Exercise requirements »
The listing below holds pictures; exclude them. Return exactly the lines from the one with "ハンガーパイプを前後に設置す" through the one with "대전 대덕구는 13일".
◆ ◆ ◆
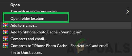 Selecting the “Open Folder Location” option - Backout of the folder and select it.
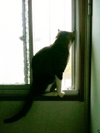 通勤ルートの家からサラリーマンを見下ろす猫さん。こないだは写りが小さ過ぎてidページおくりやったけど
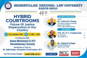 Raipur (C.G.)- Hidayatullah National Law University, Raipur shall be hosting a Virtual Session on ‘Hybrid Courtrooms: Future of Justice Dispensation in Our Country’ on 31st of October, 2021 from 11:00 AM to 1:00 PM. The session which is being hosted in collaboration with Aman Movement & RTI Revolutionary Society shall be having Mr Justice R.C. Chavan, Vice-Chairman, National E-Committee, Supreme Court of India & Former Judge, Bombay High Court as a Keynote Speaker, Prof. (Dr.) V. C. Vivekanandan, Vice-Chancellor, HNLU, Raipur and Mr Siddharth R Gupta, Counsel, MP High Court & Supreme Court of India as Guest Speakers. The topic shall be veering around the Contemporary Relevance & Necessity of Hybrid Model of Courtrooms in various Constitutional Courts of the country like the Supreme Court and High Courts as also various Tribunals like NCLT, NCLAT, NCDRC, and other such statutory forums. Hybrid Model refers to a system where a lawyer or a litigant can appear either through physical mode before the Court or may avail the Video Conferencing facility and appear virtually for conducting his case. In the COVID-19 Pandemic, all the High Courts were working virtually through Video Conferencing facilities, whereafter they shifted to the Hybrid Mode of hearing.
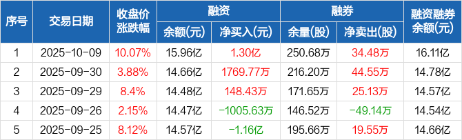 融资方面,当日融资买入4.53亿元,融资偿还3.22亿元,融资净买入1.3亿元,连续3日净买入累计1.49亿元。融券方面,融券卖出37.64万股,融券偿还3.16万股,融券余量250.68万股,融券余额1479.01万元。融资融券余额合计16.11亿元。
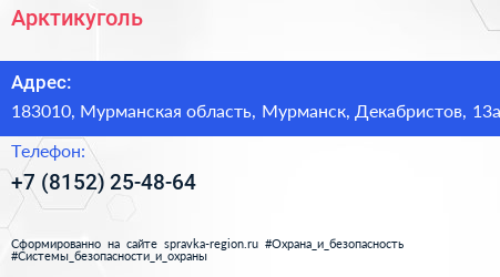 Арктикуголь по адресу 183010, Мурманская область, Мурманск, Декабристов, 13а в дальнейшем Организация, размещена в следующих категориях:
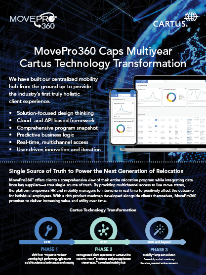 “Cartus technology is at the forefront for us. It is really something that we have focused on for a couple of reasons. First, we want to make sure that we are capturing the data correctly and in real-time to help us. Second, we must tell a story with our data. It’s important for me to have the right data points so that I can put that data together in a story that resonates with my leaders.”
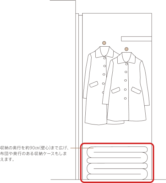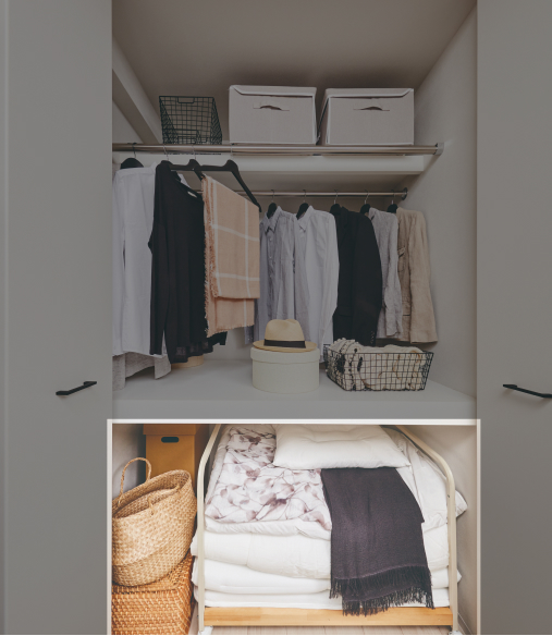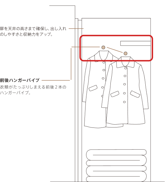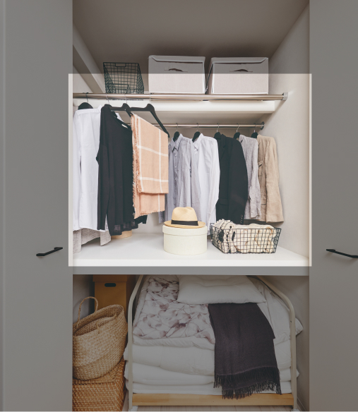 ハンガーパイプを前後に設置することで、収納の奥行きを活かして衣類の収納量がアップ。前後に季節の衣類を分け、入れ替えるだけで衣替えができます。
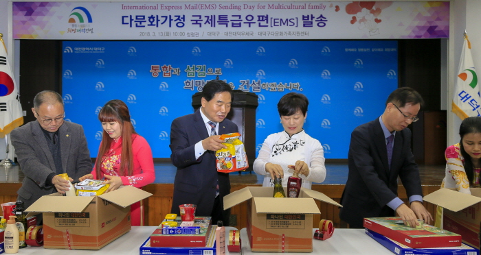 대전 대덕구는 13일 구청 청렴관에서 다문화가정 50세대와 국제특급우편요금 지원 협약을 맺은 3개 기관(대덕구, 대전대덕우체국, 대덕구다문화가족지원센터)과 함께 국제특급우편 발송 행사를 가졌다.
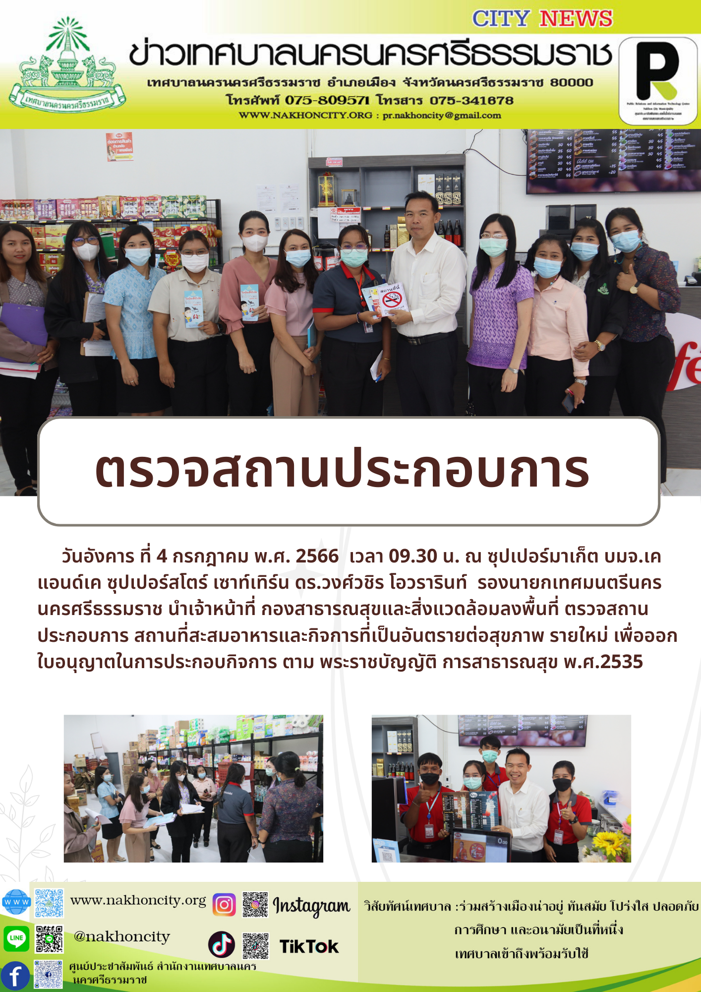 | ดร.วงศ์วชิร โอวรารินท์ รองนายกเทศมนตรีนครนครศรีธรรมราช นำเจ้าหน้าที่ กองสาธารณสุขและสิ่งแวดล้อมลงพื้นที่ ตรวจสถานประกอบการ |
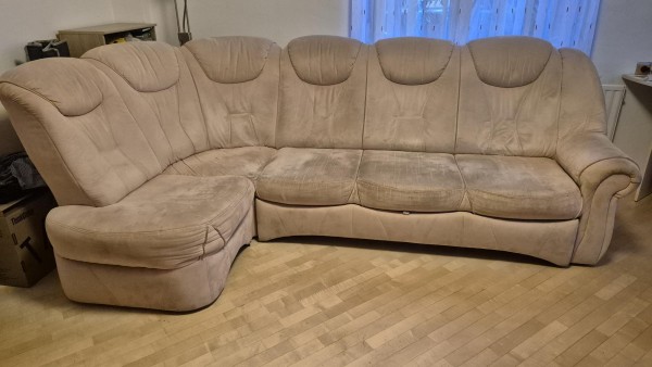 Podarim sedežno garnituro (kotna 3+1). Oblečena v microfibro, starost cca. 12 let. Širina enoseda cca. 65 cm, troseda cca. 160 cm, kotni del cca. 90x90 cm. Sedežna se raztegne v ležišče, zato nima predala pod sedalnim delom. Podarim, transport organizirate sami. Prevzem na Viču v Ljubljani.
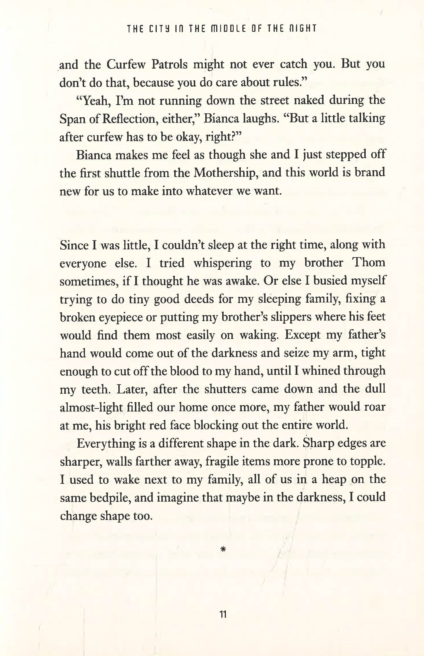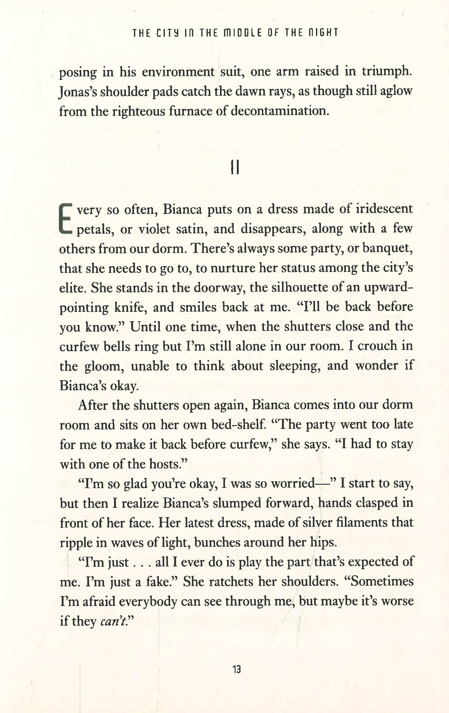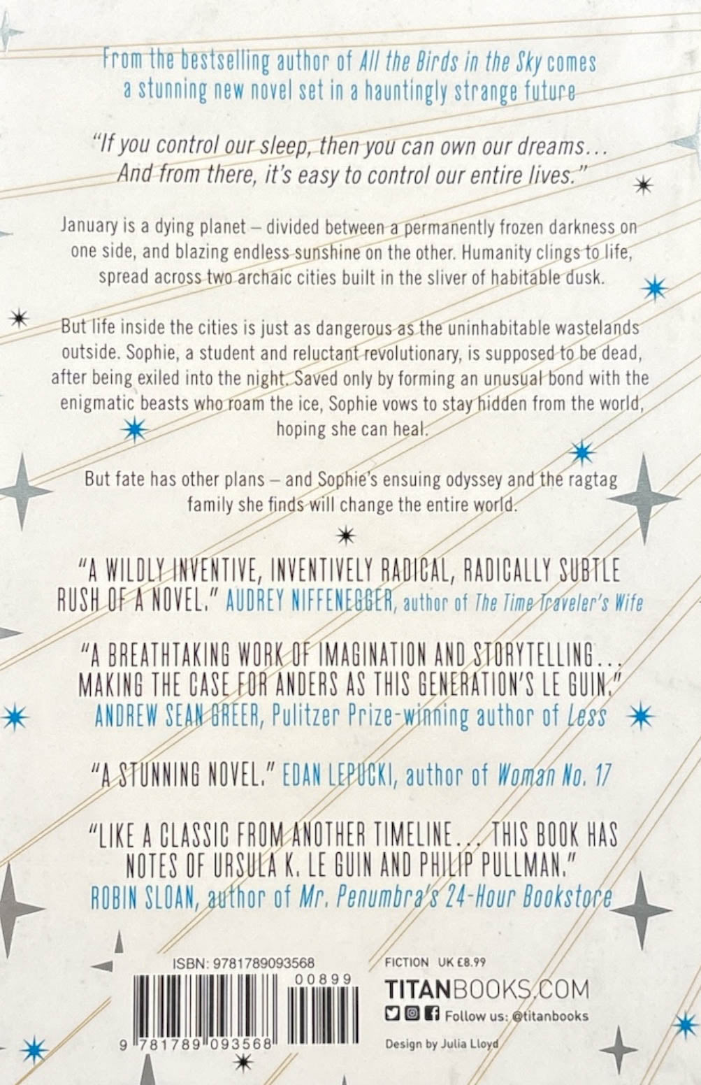 Would you give up everything to change the world?Humanity clings to life on January--a colonized planet divided between permanently frozen darkness on one side, and blazing endless sunshine on the other.Two cities, built long ago in the meager temperate zone, serve as the last bastions of civilization--but life inside them is just as dangerous as the uninhabitable wastelands outside.Sophie, a young student from the wrong side of Xiosphant city, is exiled into the dark after being part of a failed revolution. But she survives--with the help of a mysterious savior from beneath the ice.Burdened with a dangerous, painful secret, Sophie and her ragtag group of exiles face the ultimate challenge--and they are running out of time.Welcome to the City in the Middle of the Night
◆ ◆ ◆
Answer section »
 ハンガーパイプを前後に設置することで、収納の奥行きを活かして衣類の収納量がアップ。前後に季節の衣類を分け、入れ替えるだけで衣替えができます。
 대전 대덕구는 13일 구청 청렴관에서 다문화가정 50세대와 국제특급우편요금 지원 협약을 맺은 3개 기관(대덕구, 대전대덕우체국, 대덕구다문화가족지원센터)과 함께 국제특급우편 발송 행사를 가졌다.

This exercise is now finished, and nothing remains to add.